The response text looks like this:
HTTP/1.1 200 OK
Connection: keep-alive
Transfer-Encoding: chunked
b
Hello World
0
The first relevant section of this response is the headers, which you’ll read about next.
Headers
As you can see, HTTP is a protocol in the same fashion as IRC. Its purpose is to enable the exchange of documents. It utilizes headers that precede both requests and responses to describe different aspects of the communication and the content.
As an example, think of the different types of content that web pages deliver: text, HTML, XML, JSON, PNG and JPEG images, and a large number of other possibilities.
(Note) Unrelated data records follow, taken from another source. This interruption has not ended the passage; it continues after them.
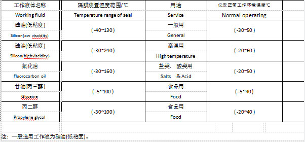 關于隔膜壓力表填充工作液的選擇 Options for filling working fluid
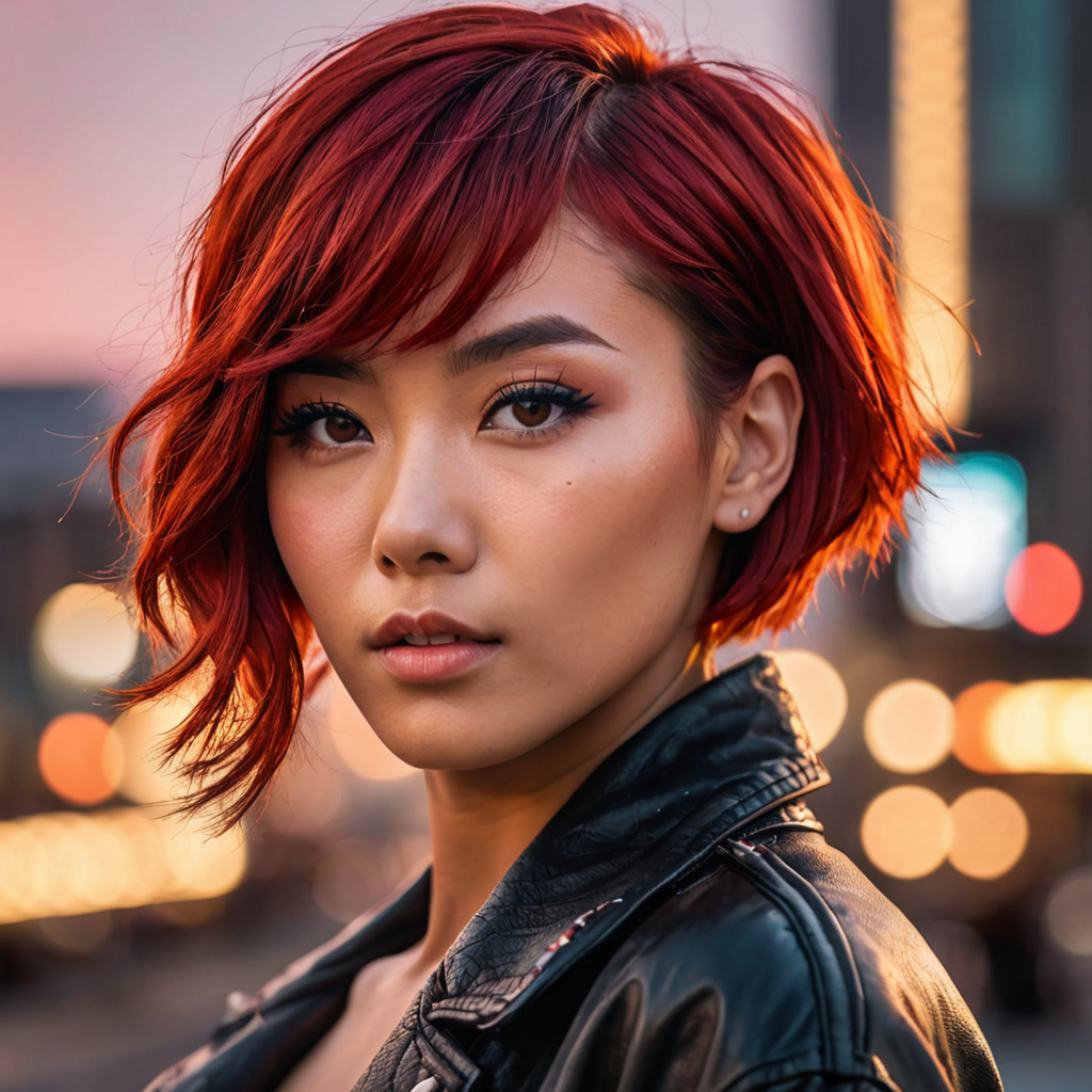 Medium close-up digital painting of a 23-year-old Japanese woman with a vibrant red pixie cut, side-swept bangs. Urban skyline at sunset reflects her edgy, modern street style. Dynamic pose, neon lights highlight her hair. Professional model photography, high-resolution 4K.
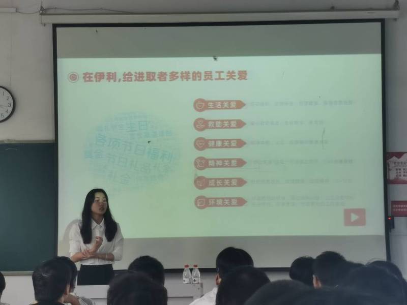宣讲伊始,湖北黄冈伊利乳业有限公司倪专员通过播放暖场视频和企业介绍视频,通过有奖提问让毕业生慢慢的减弱了陌生感,对公司开始有了亲近感。随后,该经理从企业文化、企业地位、公司优势、人才培养、就业地点等方面进行进一步的讲解,通过与学生互动提问,知识竞答等形式逐步拉进与学生关系。最后介绍了生活环境,食宿管理制度等企业情况并就大家关心的薪资待遇、福利保障和企业需求等方面重点进行介绍。

The type of content that’s sent is annotated by the famous Content-Type
header.
Look at how this applies in practice. Bring back hello world, but this time add some HTML in there:
require(‘http’).createServer(function (req, res) {
res.writeHead(200);
res.end(‘Hello <b>World</b>’);
}).listen(3000);
Notice that the word World is surrounded by bold tags. You can check it out with the rudimentary TCP client again (see Figure 7-2).
Figure 7-2: The Hello <b>World</b>
response
The response is just what you might expect:
GET / HTTP/1.1
HTTP/1.1 200 OK
Connection: keep-alive
Transfer-Encoding: chunked
12
Hello <b>World</b>
0
Now, however, see what happens when you look at it with a browser (see Figure 7-3).
Figure 7-3: The browser shows the response as plain text.
That doesn’t look like rich text, but why?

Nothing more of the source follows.